Publication

Long-term follow-up of patients with follicular lymphoma receiving single-agent rituximab at two different schedules in trial SAKK 35/98

Journal Paper/Review - Aug 9, 2010

Units
PubMed
Doi

Citation
Martinelli G, Zucca E, Dietrich P, Lohri A, Vorobiof D, Heizmann M, Stahel R, Stupp R, Okkinga E, Bassi S, Hess U, Cerny T, Utiger U, Schmitz S, Ghielmini M. Long-term follow-up of patients with follicular lymphoma receiving single-agent rituximab at two different schedules in trial SAKK 35/98. J Clin Oncol 2010; 28:4480-4.
Type
Journal Paper/Review (English)
Journal
J Clin Oncol 2010; 28
Publication Date
Aug 9, 2010
Issn Electronic
1527-7755
Pages
4480-4
Brief description/objective

PURPOSE
We report the long-term results of a randomized clinical trial comparing induction therapy with once per week for 4 weeks single-agent rituximab alone versus induction followed by 4 cycles of maintenance therapy every 2 months in patients with follicular lymphoma.

PATIENTS AND METHODS
Patients (prior chemotherapy 138; chemotherapy-naive 64) received single-agent rituximab and if nonprogressive, were randomly assigned to no further treatment (observation) or four additional doses of rituximab given at 2-month intervals (prolonged exposure).

RESULTS
At a median follow-up of 9.5 years and with all living patients having been observed for at least 5 years, the median event-free survival (EFS) was 13 months for the observation and 24 months for the prolonged exposure arm (P < .001).

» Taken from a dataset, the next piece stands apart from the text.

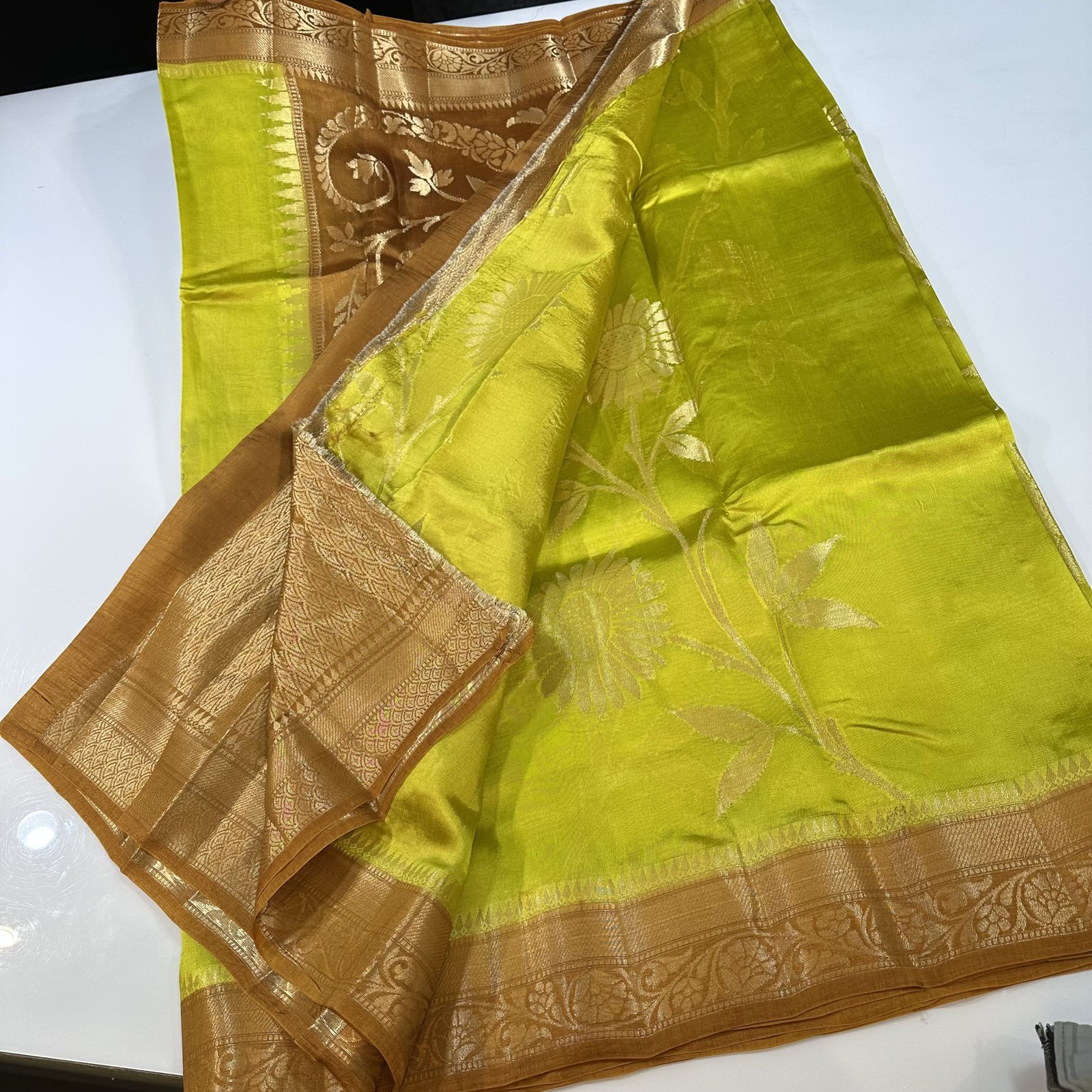 Presenting our exquisite Banarasi Green Mango Silk Saree, a perfect blend of tradition and vibrant elegance. Crafted in luxurious Green Mango silk, this saree is known for its smooth texture, graceful fall, and rich sheen that instantly elevates your look.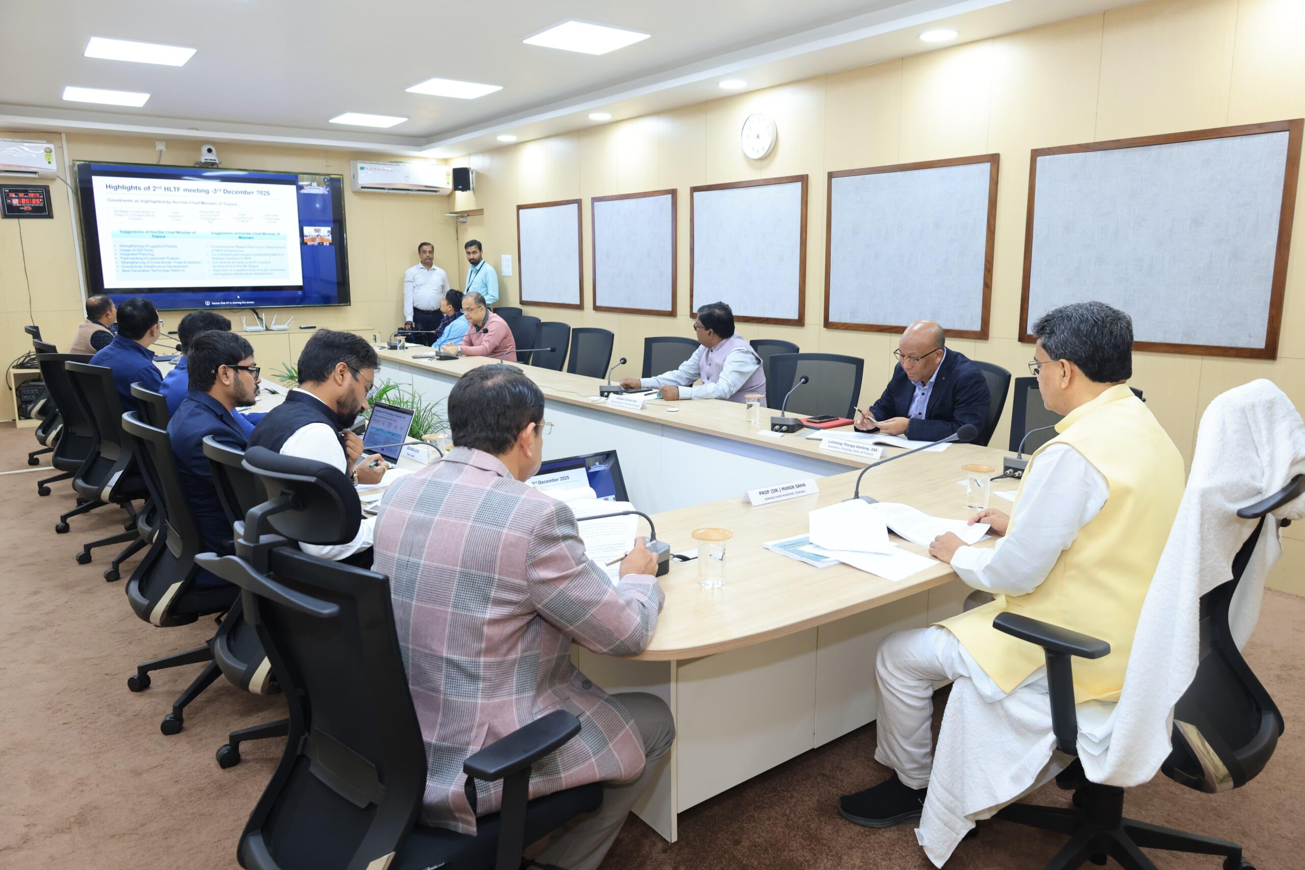 আগরতলা, ২২ ডিসেম্বর: উত্তর পূর্বাঞ্চলের রাজ্যগুলিতে পরিকাঠামো এবং যোগাযোগ ব্যবস্থার উন্নয়নে মুখ্যমন্ত্রী প্রফেসর ডাঃ মানিক সাহাকে আহ্বায়ক করে গঠিত উচ্চ পর্যায়ের টাস্ক ফোর্সের তৃতীয় বৈঠক সোমবার অনুষ্ঠিত হয়। কেন্দ্রীয় উত্তর পূর্বাঞ্চল উন্নয়ন (ডোনার) মন্ত্রকের মন্ত্রী জ্যোতিরাদিত্য সিন্ধিয়া ভার্চুয়ালী আয়োজিত এই বৈঠকে সভাপতিত্ব করেন। এই বৈঠকে কেন্দ্রীয় উত্তর পূর্বাঞ্চল উন্নয়ন (ডোনার) মন্ত্রকের মন্ত্রী ছাড়াও মিজোরামের মুখ্যমন্ত্রী লালদুহমা সহ ডোনার মন্ত্রক এবং উত্তর পূর্বাঞ্চলের রাজ্যগুলির পদস্থ আধিকারিকগণ উপস্থিত ছিলেন এবং আলোচনায় অংশ নেন। ত্রিপুরা ইনস্টিটিশন ফর ট্রান্সফরমেশন কার্যালয়ের কনফারেন্স হলে অনুষ্ঠিত এই ভার্চুয়াল বৈঠকে রাজ্যের শিল্প ও বাণিজ্য দপ্তরের সচিব কিরণ গিত্যে, পরিকল্পনা দপ্তরের সচিব এল টি ডার্লং, শিল্প ও বাণিজ্য দপ্তরের অধিকর্তা ড. দীপক কুমার সহ অন্যান্য পদস্থ আধিকারিকগণ উপস্থিত ছিলেন।বৈঠকে মুখ্যমন্ত্রী প্রফেসর ডাঃ মানিক সাহা বলেন, উত্তর পূর্বাঞ্চলের রাজ্যগুলির অগ্রগতি ও উন্নয়নের ব্যাপক সম্ভাবনা রয়েছে। এক্ষেত্রে পরিকাঠামো এবং যোগাযোগ ব্যবস্থার আরও উন্নয়নের লক্ষ্যে উত্তর পূর্বাঞ্চল রাজ্যগুলিকে সম্মিলিতভাবে কাজ করতে হবে। উত্তর পূর্বাঞ্চলের রাজ্যগুলির সড়ক, রেল, বিমান যোগাযোগ, জলপথ, বিদ্যুৎ, গ্যাস এবং ডিজিটাল সংযোগের ক্ষেত্রে যে সমস্যা রয়েছে তা চিহ্নিত করে উচ্চ পর্যায়ের টাস্ক ফোর্সকে সমন্বিতভাবে প্রয়োজনীয় পদক্ষেপ নেওয়া প্রয়োজন বলে মুখ্যমন্ত্রী অভিমত ব্যক্ত করেন।বৈঠকে মুখ্যমন্ত্রী উত্তর পূর্বাঞ্চলের রাজ্যগুলিতে পরিকাঠামো ও যোগাযোগ ব্যবস্থার বিকাশে টাস্ক ফোর্সের প্রস্তাবিত কৌশলগত একটি বিস্তৃত রূপরেখা উপস্থাপন করেন। তিনি বলেন, এই রূপরেখা এই অঞ্চলের বর্তমান পরিকাঠামো, প্রতিবন্ধকতাগুলি চিহ্নিতকরণ সহ ভবিষ্যতের কথা বিবেচনা করে তৈরী করা হয়েছে। বৈঠকে আলোচনায় মুখ্যমন্ত্রী উত্তর পূর্বাঞ্চলের রাজ্যগুলির উন্নয়নে অগ্রাধিকারের ক্ষেত্রগুলির চিহ্নিতকরণ, রিজিওন্যাল ইনফ্রাস্ট্রাকচার ম্যাক্রো-গ্রিড, বিদ্যুৎ, তেল, প্রাকৃতিক গ্যাস, পর্যটন, সীমান্ত বাণিজ্যের স্থান ইত্যাদি সম্ভাবনাময় ক্ষেত্রগুলির উপর বিশেষভাবে গুরুত্বারোপ করেন এবং এই ক্ষেত্রগুলির উন্নয়নের প্রস্তাবিত রূপরেখা প্রতিবেদনের মাধ্যমে তুলে ধরেন।বৈঠকে মুখ্যমন্ত্রী কালাদান মাল্টিমডেল ট্রানজিট ট্রান্সপোর্ট প্রকল্পটি কার্যকর করা, ভারত এবং প্রতিবেশি রাষ্ট্রগুলির সাথে উত্তর পূর্বাঞ্চলের সংযোগকারী মাল্টিমডেল করিডোরগুলিকে শক্তিশালী করার উপর গুরুত্ব আরোপ করেন। সুসংহত লজিস্টিক্স হাব, পণ্য পরিবাহী রে

In the observation arm, patients without events at 8 years were 5%, while in the prolonged exposure arm they were 27%. Of previously untreated patients receiving prolonged treatment after responding to rituximab induction, at 8 years 45% were still without event. The only favorable prognostic factor for EFS in a multivariate Cox regression was the prolonged rituximab schedule (hazard ratio, 0.59; 95% CI, 0.39 to 0.88; P = .009), whereas being chemotherapy naive, presenting with stage lower than IV, and showing a VV phenotype at position 158 of the Fc-gamma RIIIA receptor were not of independent prognostic value. No long-term toxicity potentially due to rituximab was observed.

CONCLUSION
An important proportion of patients experienced long-term remission after prolonged exposure to rituximab, particularly if they had no prior treatment and responded to rituximab induction.